On Wednesday, several of King County’s largest school districts, including Seattle, said they intend to hold school remotely this fall. In other words, back to school will be back to screens. 

The plans affect more than 150,000 children and leave several urgent questions unanswered: How will schools feed and teach students, train educators to teach remotely, and provide other critical services such as child care to the region’s children? And what will be different this time around?

In the spring and now, district leaders’ announcements were light on details. The difference: Decisions last school year were made in the thick of a pandemic. Since then, leaders have had months to prepare for the possibility that buildings couldn’t reopen safely. 

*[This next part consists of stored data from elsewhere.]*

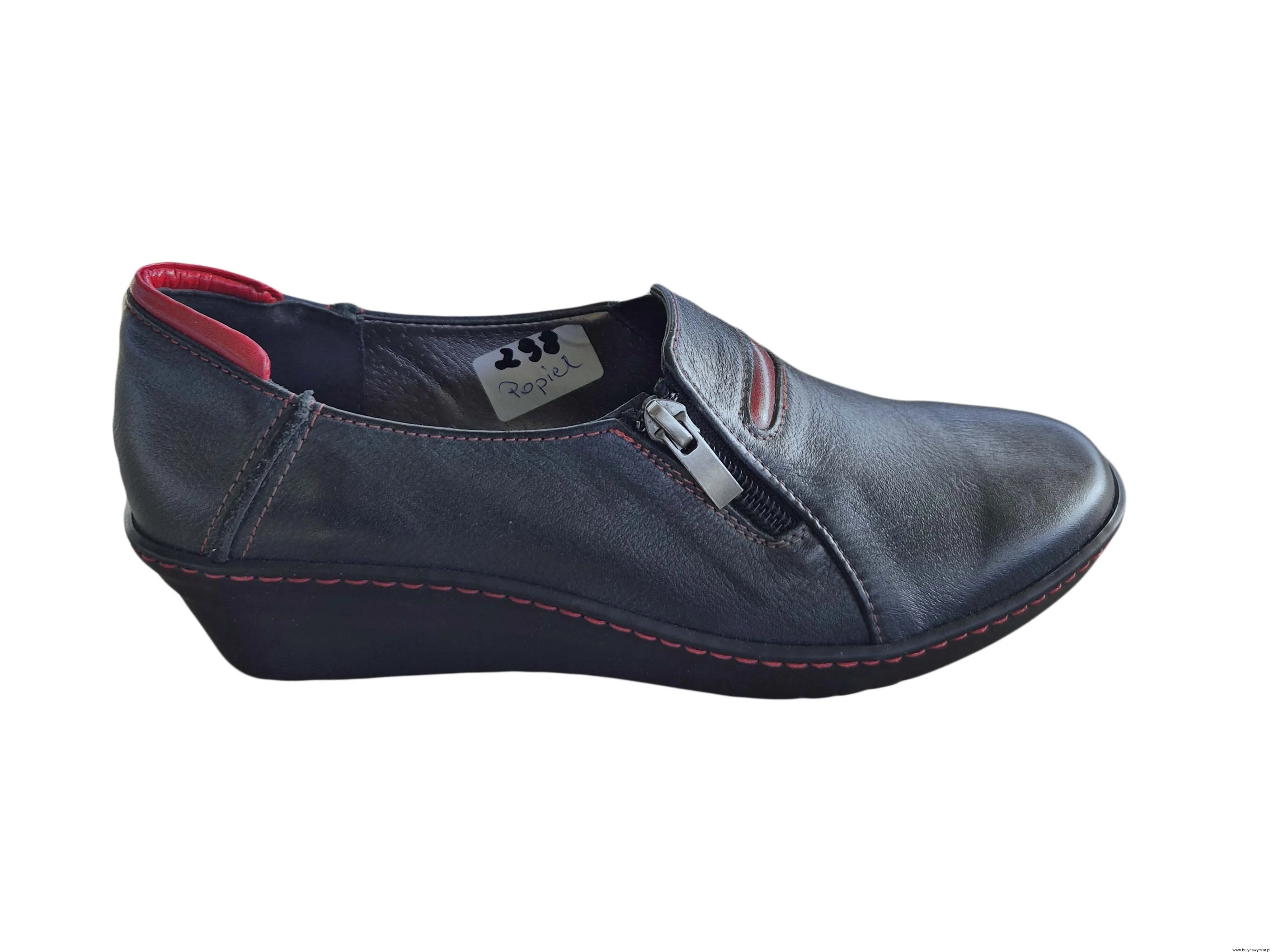 Zapinane na zamek i na koturnie wykonane ze skóry naturalnej.
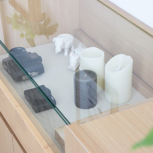 コレクションを美しく飾るガラスケースが魅力のキャビネットです。
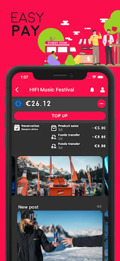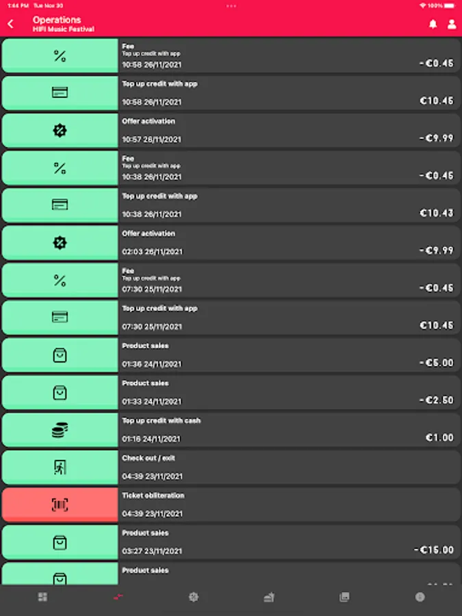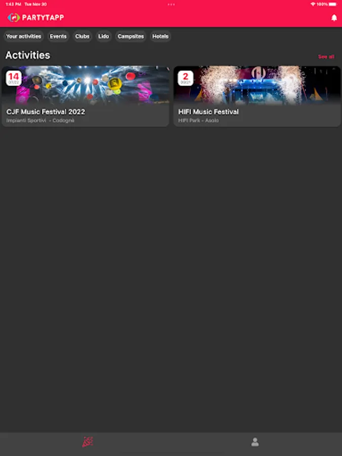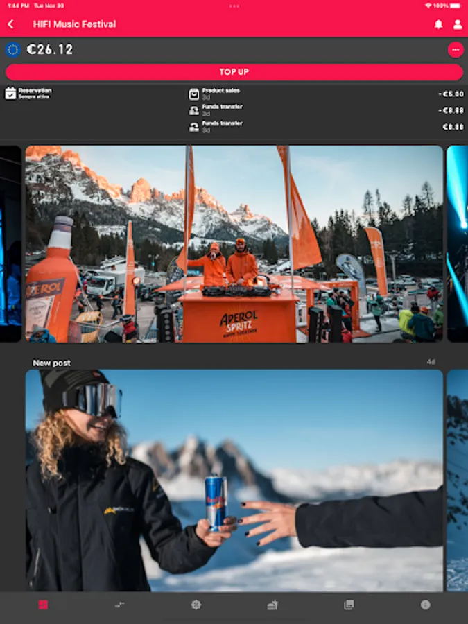 Partytapp is a social network dedicated to entertainment, here you will find all the festivals, clubs, hotels and campsites that use our platform. For each activity you connect to, you will have a digital wallet that can be used for purchases.

But many district leaders offered little insight this week into how they plan to improve the way they deliver online classes, particularly for students who were left out in the spring, such as those who receive special-education services and those who are learning English. This lack of detail comes at a time when many education leaders of color across Washington are raising serious concerns about inequity in schools generally, but particularly during school closures.

As of late Wednesday, the districts that had announced an online-only start to the school year included Auburn, Bellevue, Federal Way, Highline, Kent, Northshore and Seattle. The moves followed a cautionary health report, and in Seattle Public Schools’ case, pressure from its teachers union. Seattle had planned to bring students back into school buildings in the fall using a hybrid model of online and in-person learning, but reversed this plan Wednesday.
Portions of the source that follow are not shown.